Mme [O] réclame comme en première instance une somme forfaitaire de 2 500 euros au titre de frais de déplacement qu'elle a dû exposer pour se rendre chez son médecin traitant, à ses séances de kinésithérapie ainsi qu'aux opérations d'expertise. Cependant, ces frais ne sont toujours pas justifiés en appel. Le rejet de cette demande sera donc confirmé.

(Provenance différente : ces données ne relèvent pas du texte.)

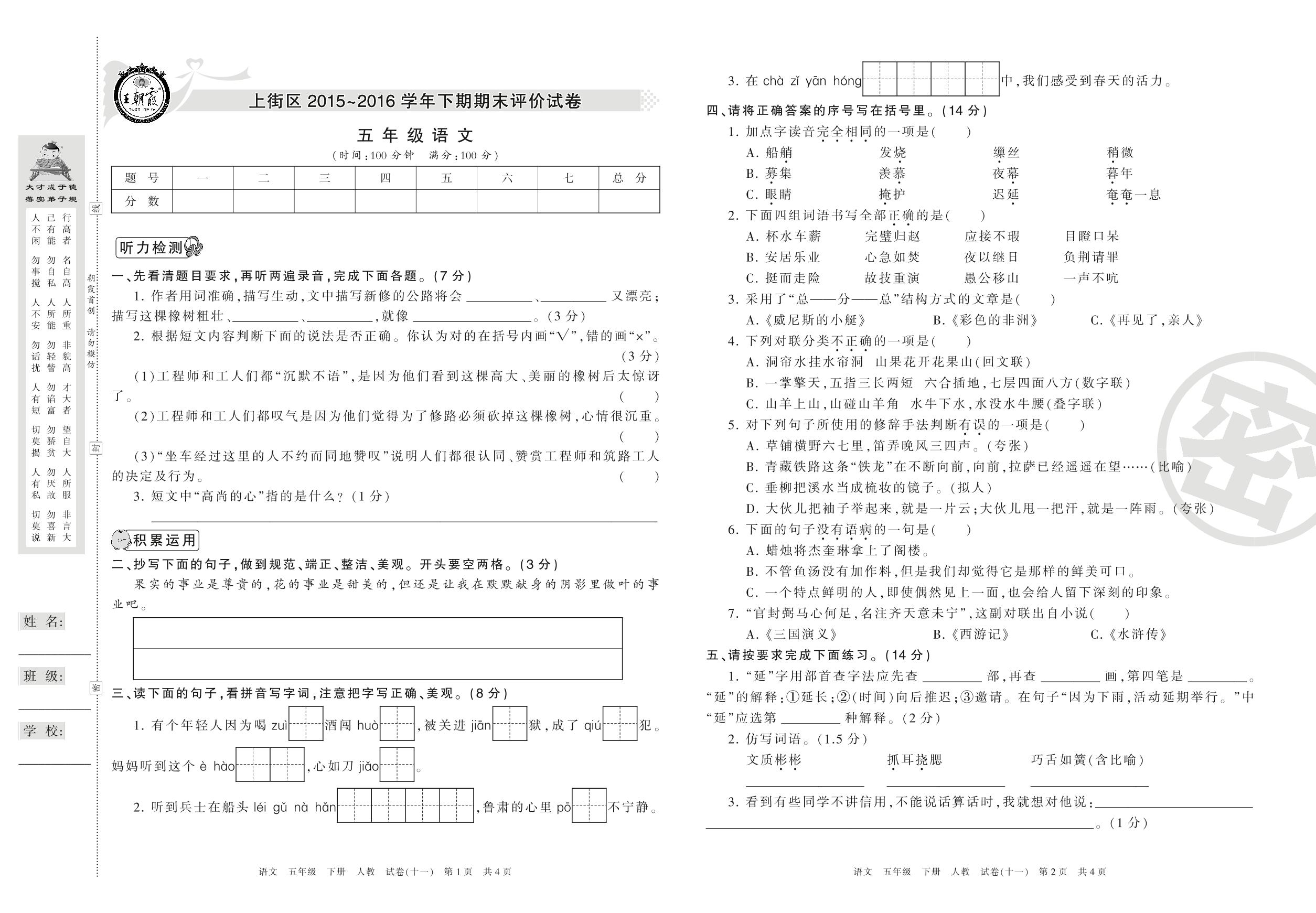 2015-2016学年第二学期郑州市上街区五年级语文试卷(人教版)【11】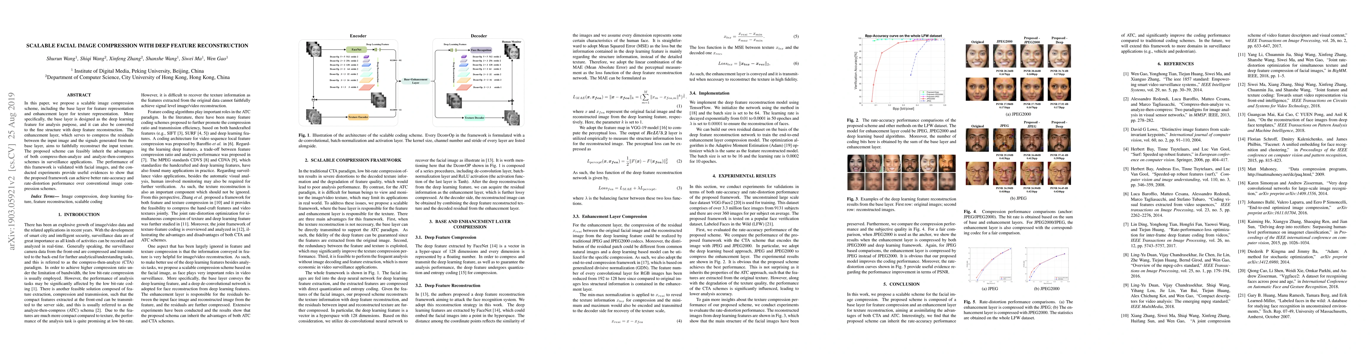 This paper proposes a scalable facial image compression scheme using a dual-layer approach: a base layer for deep feature representation and an enhancement layer for texture reconstruction. The framework combines the benefits of compress-then-analyze and analyze-then-compress methods, achieving superior rate-accuracy and rate-distortion performance compared to conventional schemes.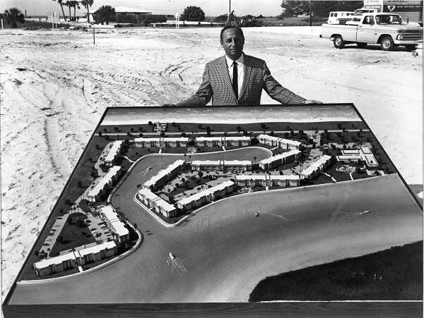 Developer with a scale model condominium development - Longboat Key
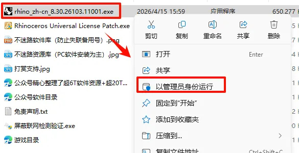 2.打开刚刚解压的文件夹,鼠标右键点击“rhino_zh-cn_8.30.26103.11001.exe”选择“以管理员身份运行”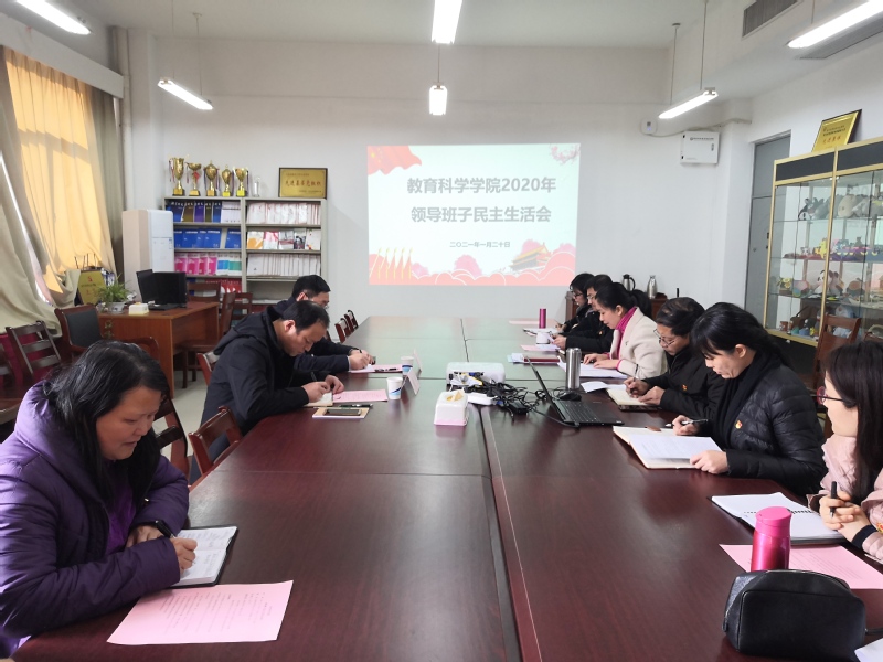 1月20日下午,教育科学学院党总支召开领导班子民主生活会。校党委常委、副校长陈克军和校纪委委员、信息化建设与管理中心主任胡博到会督导。会议由教育科学学院党总支书记吴月华主持,学院党总支全体委员、副处级以上干部参加。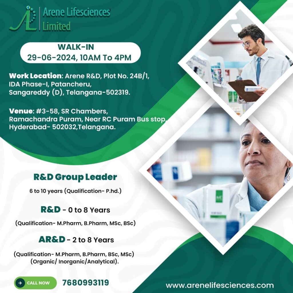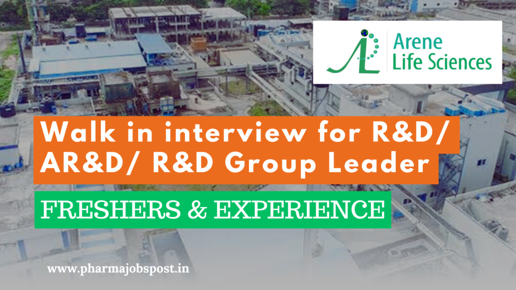Arene Lifesciences walk in interview for Freshers & Experience in R&D/ AR&D/ R&D Group Leader on 29-06-2024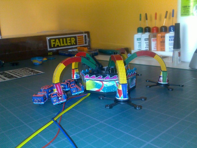 pour des attractions comme le Wilde Maus tu peux très bien cacher toutes tes dérivations dans une remorque que tu placeras au centre de ton attraction au sol comme dans la réalité parfois, j'ai fait ça pour mon grand 8, on n'y voir que du feu, et j'ai poussé lé réalisme en mettant du fil à coudre noir partant de la remorque pour évoquer les gros câbles en réel.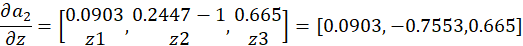 如果真实情况下,第二种分类是正确的,那么softmax激活函数作用后的输出对输出向量的偏导数为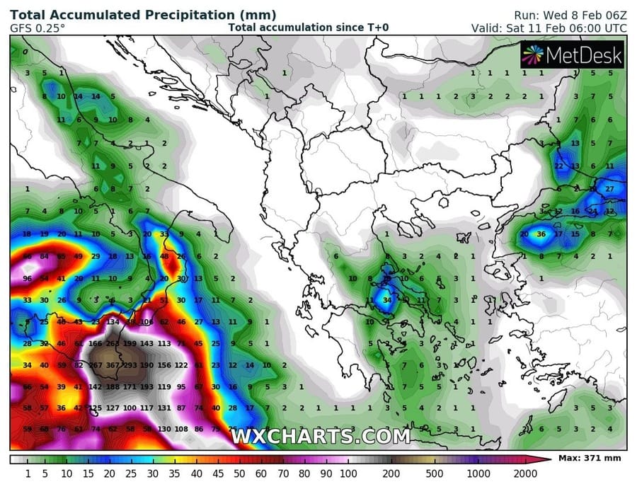 Τα φαινόμενα θα πλήξουν κυρίως τις ανατολικές και νότιες περιοχές και σύμφωνα με τα τελευταία μετεωρολογικά στοιχεία αναμένονται ύψη βροχής που πολύ πιθανόν να περάσουν τα 200-250mm.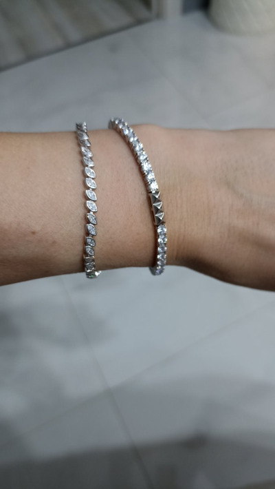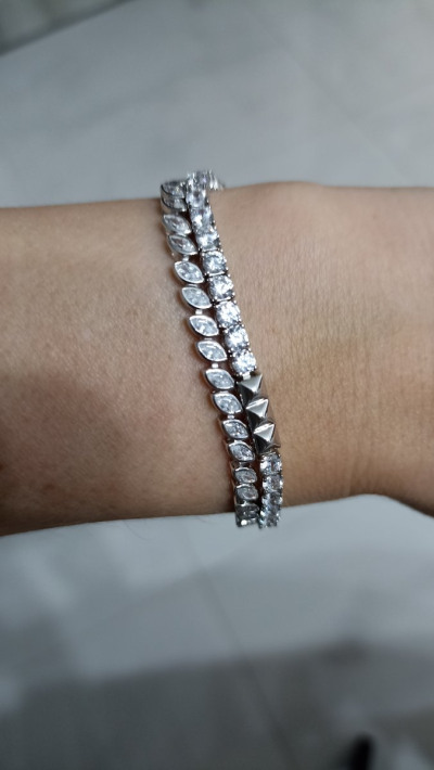 Браслет милый, для меня главно было чтоб он не царапался и не цеплялся за одежду, закрепка камней гладкая, камни сверкают. Правдо я удалила лишнюю длину дополнительной цепочки, так как не люблю чтоб свисала.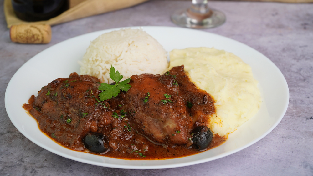 4. Seguidamente, vierte el vino tinto, la hoja de laurel, el caldo de pollo y las presas de pollo. Rectifica sazón, baja el fuego y deja cocinar por aproximadamente 25 minutos.

b/ le préjudice patrimonial définitif :

- frais médicaux futurs :

Le tribunal a limité les frais de dépense médicales futurs à allouer à la CPAM à la somme de 898,27 euros au motif que les prestations en lien avec une arthrodèse n'étaient pas suffisamment établies, l'expert ayant émis des réserves sur l'indication d'une arthrodèse définitive de la cheville droite. En appel, la CPAM d'Ille et Vilaine fait valoir que son médecin conseil a attesté que les prestations figurant sur son état étaient imputables à l'accident subi par Mme [O] le 18 novembre 2013. Toutefois, aucun élément ne permettant d'établir qu'une arthrodèse est effectivement préconisée dans le cas de Mme [O] ni même qu'elle a été réalisée après consolidation ou depuis la décision de première instance, il convient de confirmer sur ce point le jugement.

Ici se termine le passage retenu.